I hope this helps! If you have any query tips of your own, please leave them in the comments below! Happy querying!Read More
So, um. I am bad at timely blogging. But my family and I have had some amazing adventures this year! At my count, we’ve had 28 adventures together so far. We’re 28 weeks into the year, so we’re right on track to have 52 amazing experiences before 2020. Life has been a bit insane. Some of has it good, like my publishing contract. Some of it has been stressful, like multiple hospital says for my kiddos. But through it all, we’ve stayed positive and we’ve had a lot of fun.
I love that homeschooling has allowed us the freedom to do this. Our hands-0n approach t0 life and learning not only makes education fun, it makes it impactful as well. And the time we spend together is precious! We’ve seen and done so much. I am so happy we decided to make adventure a priority in 2019.

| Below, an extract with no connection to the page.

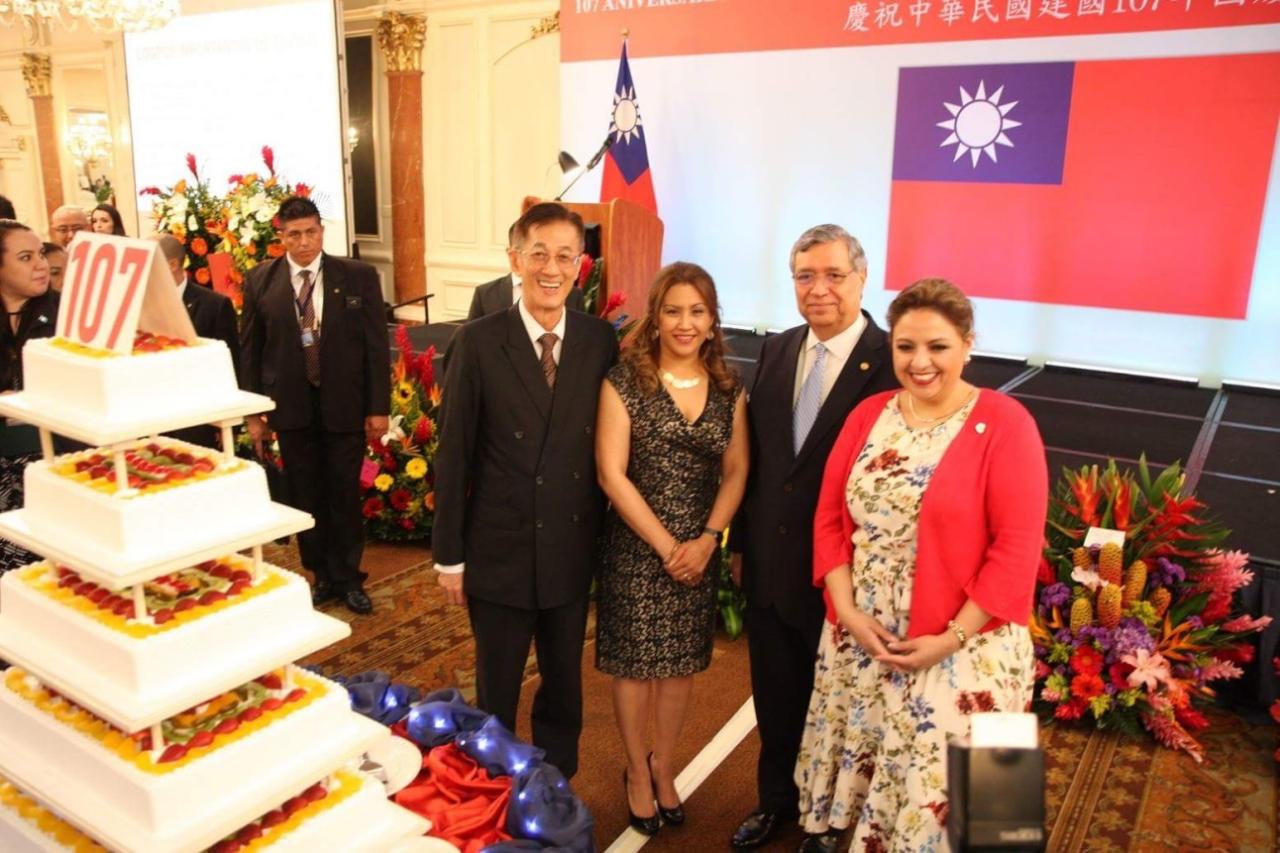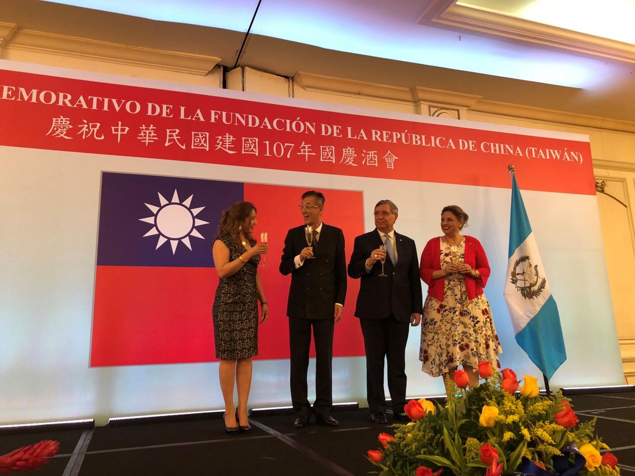 賴大使嗣與第一夫人瑪洛晶女士、卡培拉副總統及何薇外交部長等共同舉杯,互祝國運昌隆,並共切國慶蛋糕,慶賀中華民國建國107年。酒會現場並播放「以人為本、幸福共好」國慶文宣影片,駐瓜大使館也精心準備包括珍珠奶茶等臺灣特色美食,搭配地域風味之佳餚,現場氣氛溫馨、熱絡,賓主互動友誼百分百,共渡歡慶中華民國107年生日的美好夜晚。

Here’s a fast rundown of our adventures so far this year. These are in no particular order.
#1- A bear program in a National Park (Shenandoah in VA)
#2- The Duke Lemur Center in Durham, NC
#6 Playing with goats and alpacas in Durham, NC
#8 Learning about history in Shenandoah National Park, VA
#12- Taking in the Great Smoky Mountains (and dancing, of course)
#15 – Dance nationals in Pigeon Forge, TN. And coming home a National Champion!
#16 Hiking the Appalachian Trail. Or as my six-year-old called it, the “Application Trail.”
#22 Loving Science at The North Carolina Museum of Natural Sciences.
#23 Meeting author Adam Rubin at Page 158 books in Wake Forest, NC
#24 Hiking in Raleigh, NC
Thanks for reading! I plan on giving a more detailed account of our time in Shenandoah National Park soon.
How is your year going? Has it been full of adventure?